Alison describes Sebald’s book as having the “feel” of a novel, not a collection, and explains that the central questions in a narrative patterned this way should be, “why did this happen” and “what grows in my mind as I read.” She dissects the text with respect and joy, exploring Nabokov allusion, charting the imagery, and teaching the ways Sebald creates motion and “layers his narrative world,” preferring concrete detail to metaphor. She closes the section with a Sebald quote on writing in which he compares the writer to a spider in a web, trapping “bricolage” to construct narrative.

In concluding with a brief epilogue, Meander, Spiral, Explode leaves us as writers and readers in an exciting place, alert for patterns in nature we might see replicated in the fiction we read, or that might serve to support the next story we draft. Alison closes with hope, “that new patterns…might open our eyes to other natural shapes underlying our stories, might let us step away from the arc sometimes, slip under or through that powerful wave, glorious as it can be,” and “might help us imagine new ways to make our narratives vital and true, keep making our novels novel.”

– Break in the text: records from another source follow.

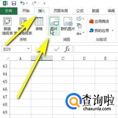 打开工作表,再点击“插入”选项卡,再点:图片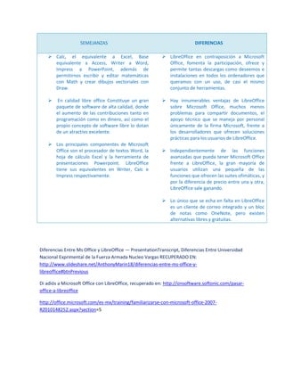 Microsoft Office es una suite de productividad de pago desarrollada por Microsoft, mientras que LibreOffice es una alternativa gratuita de código abierto disponible para múltiples sistemas operativos. Ambas ofrecen aplicaciones similares como procesador de texto, hoja de cálculo y presentaciones, pero LibreOffice es totalmente gratis, de código abierto y puede descargarse e instalarse ilimitadamente, a diferencia de la versión privativa de pago de Microsoft Office.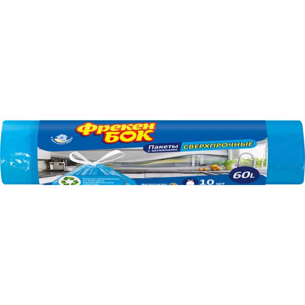 Пакети для сміття 60л (10шт в рул.) з затяжкою сині ФРЕКЕН БОК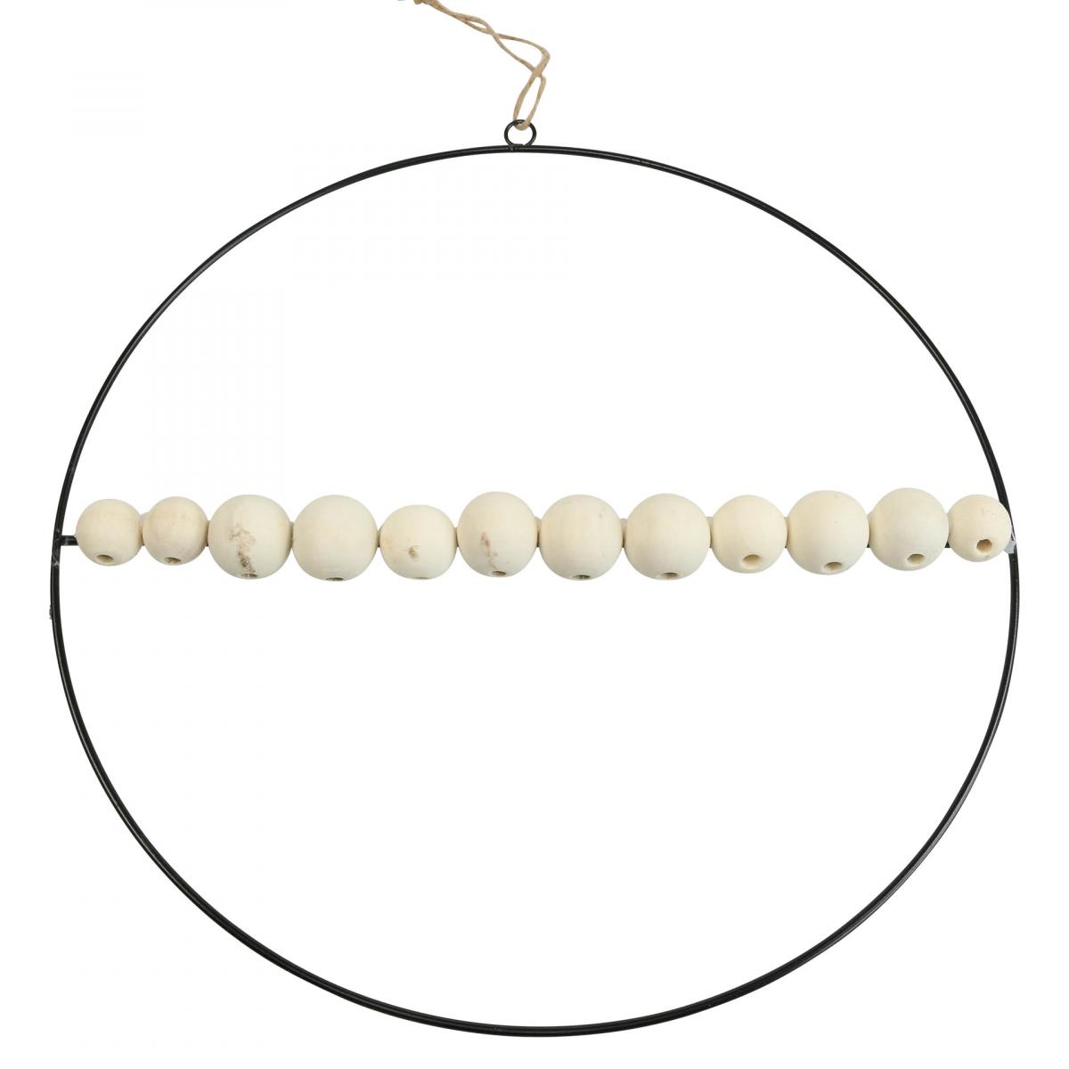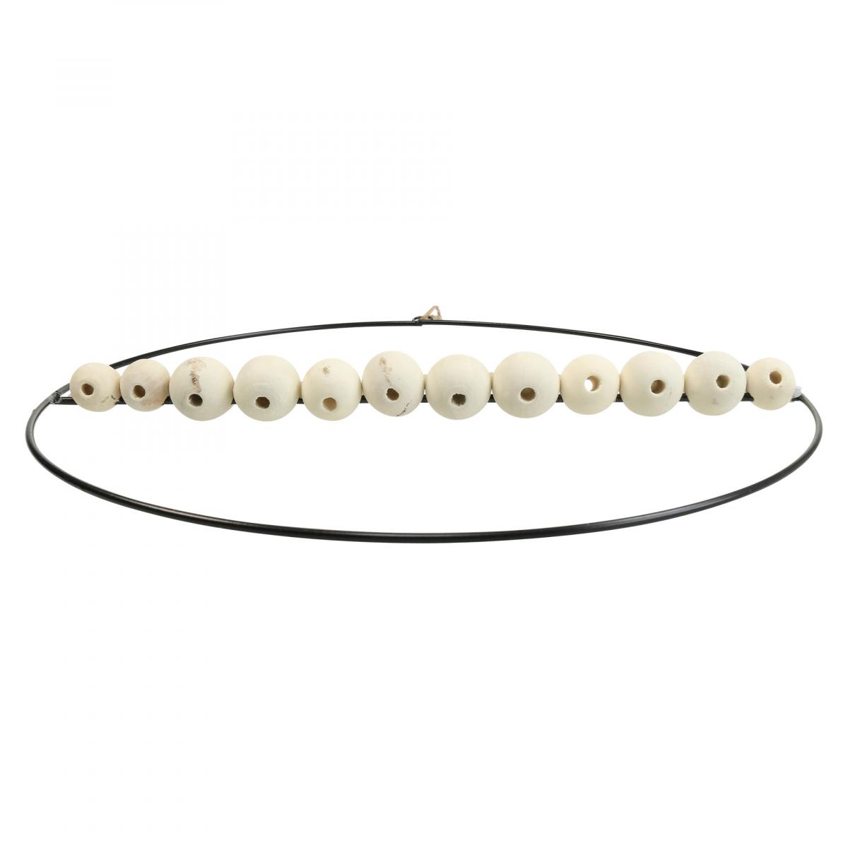 Product name: Decorative ring, metal, wooden beads, Ø30cm, black, white, natural, set of 4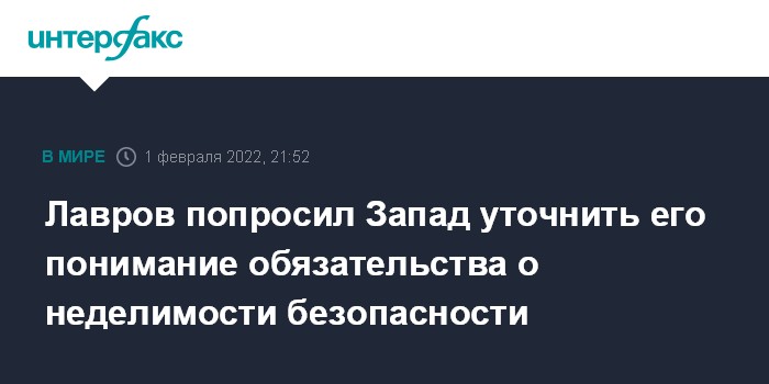 Москва. 1 февраля. INTERFAX.RU - В России хотят получить от стран Запада четкий ответ на вопрос о том, как они понимают свое обязательство о неделимости безопасности, и ожидают оперативной реакции США, Канады и ряда стран Европы на послание главы МИД РФ Лаврова по данной тематике.

— by Katelyn Keating for CRAFT

 

Meander, Spiral, Explode: Design and Pattern in Narrative is out now from Catapult


 

[*] List of other patterns discussed:

Waves (“[w]riters can articulate a narrative wave by modeling parts other than the peak—symmetrical moments on either side, for instance”)

Wavelets (the “rippling pattern = waves in miniature”)

Meanders (like a river, “there’s deliberate slowness, a delight in curving this way or that, luxuriating in diversions, carving slow labyrinths of time”)

Spirals (“begin[] at a point and move[] onward, not extravagant or lackadaisical like a meander, but smooth and steady, spinning around and around that central point or a single axis)

Radials or Explosions (“born of a nucleus, kernel, black hole, whether they spoke outward or circle”)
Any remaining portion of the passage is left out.